▶ **EXERCISE DESCRIPTION**
When you write out the listing below, keep each word exactly as it stands and drop the pictures.

SUPPLIED INFORMATION Block Start

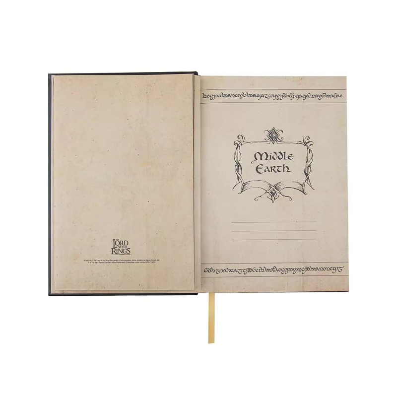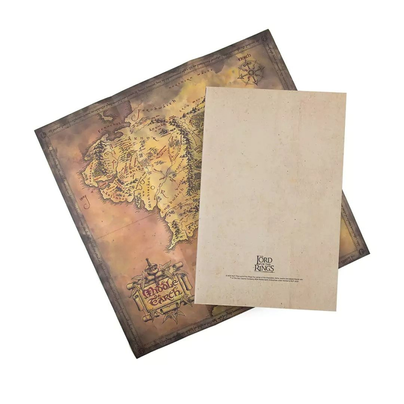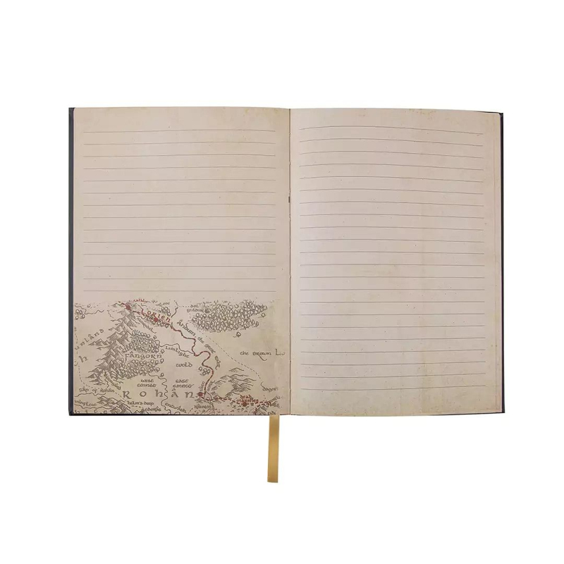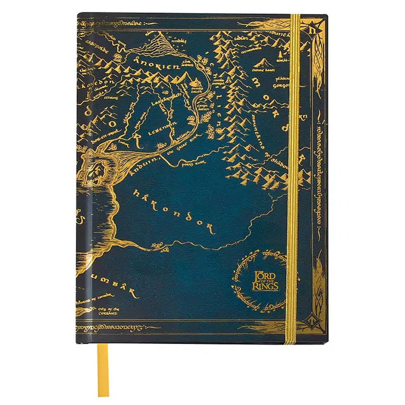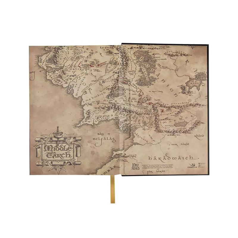 Krásný linkovaný zápisník v pevných deskách pro všechny fanoušky fantasy trilogie Pán prstenů s bonusem v podobě mapy Středozemě. Součástí zápisníku je záložka, uzavírá se pomocí gumičky. Rozměry rozložené mapy jsou 40 x 40 cm.
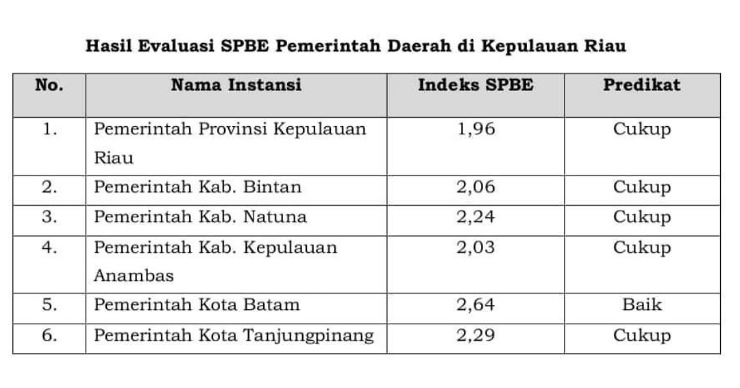 WARTAKEPRI.co.id, BATAM – Kota Batam satu-satunya daerah di Kepri yang mendapatkan predikat baik dalam hasil evaluasi Sistem Pemerintahan Berbasis Elektronik (SPBE).
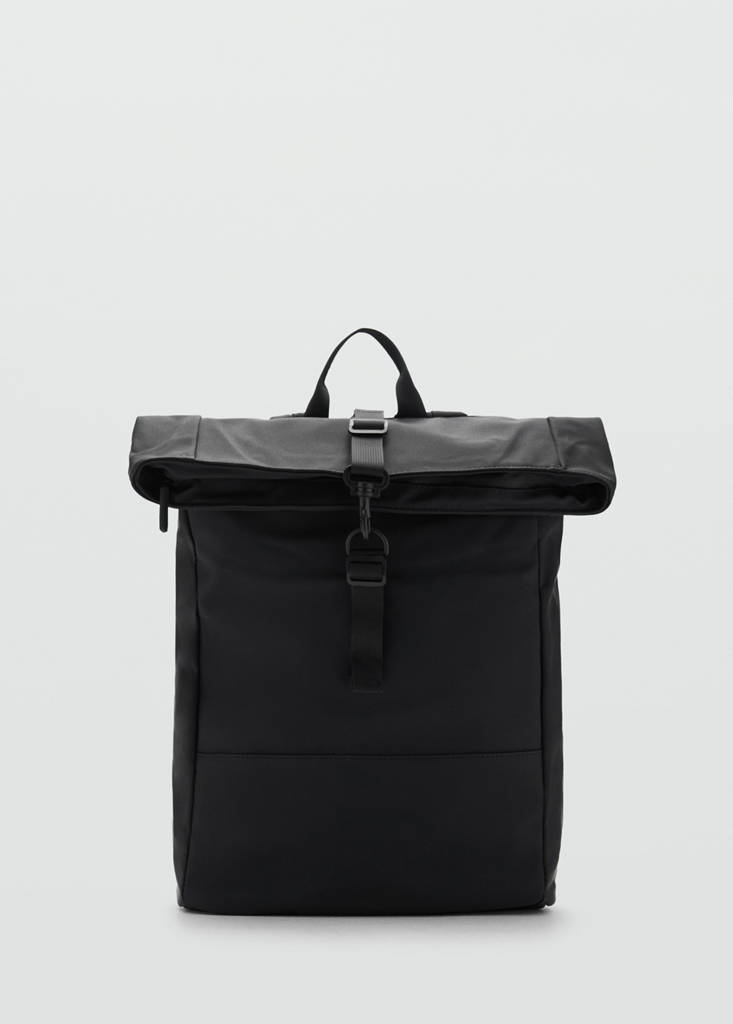Gummed fabric. Two handles. Internal pocket for electronic devices up to 25 cm wide. Band handle for easy transport as a carry-on bag. Zipped main compartment. Flap closure with carabiner clasp and adjustable strap

SUPPLIED INFORMATION Block End

▶ **TASK OUTPUT**
 Krásný linkovaný zápisník v pevných deskách pro všechny fanoušky fantasy trilogie Pán prstenů s bonusem v podobě mapy Středozemě. Součástí zápisníku je záložka, uzavírá se pomocí gumičky. Rozměry rozložené mapy jsou 40 x 40 cm.
 WARTAKEPRI.co.id, BATAM – Kota Batam satu-satunya daerah di Kepri yang mendapatkan predikat baik dalam hasil evaluasi Sistem Pemerintahan Berbasis Elektronik (SPBE).
Gummed fabric. Two handles. Internal pocket for electronic devices up to 25 cm wide. Band handle for easy transport as a carry-on bag. Zipped main compartment. Flap closure with carabiner clasp and adjustable strap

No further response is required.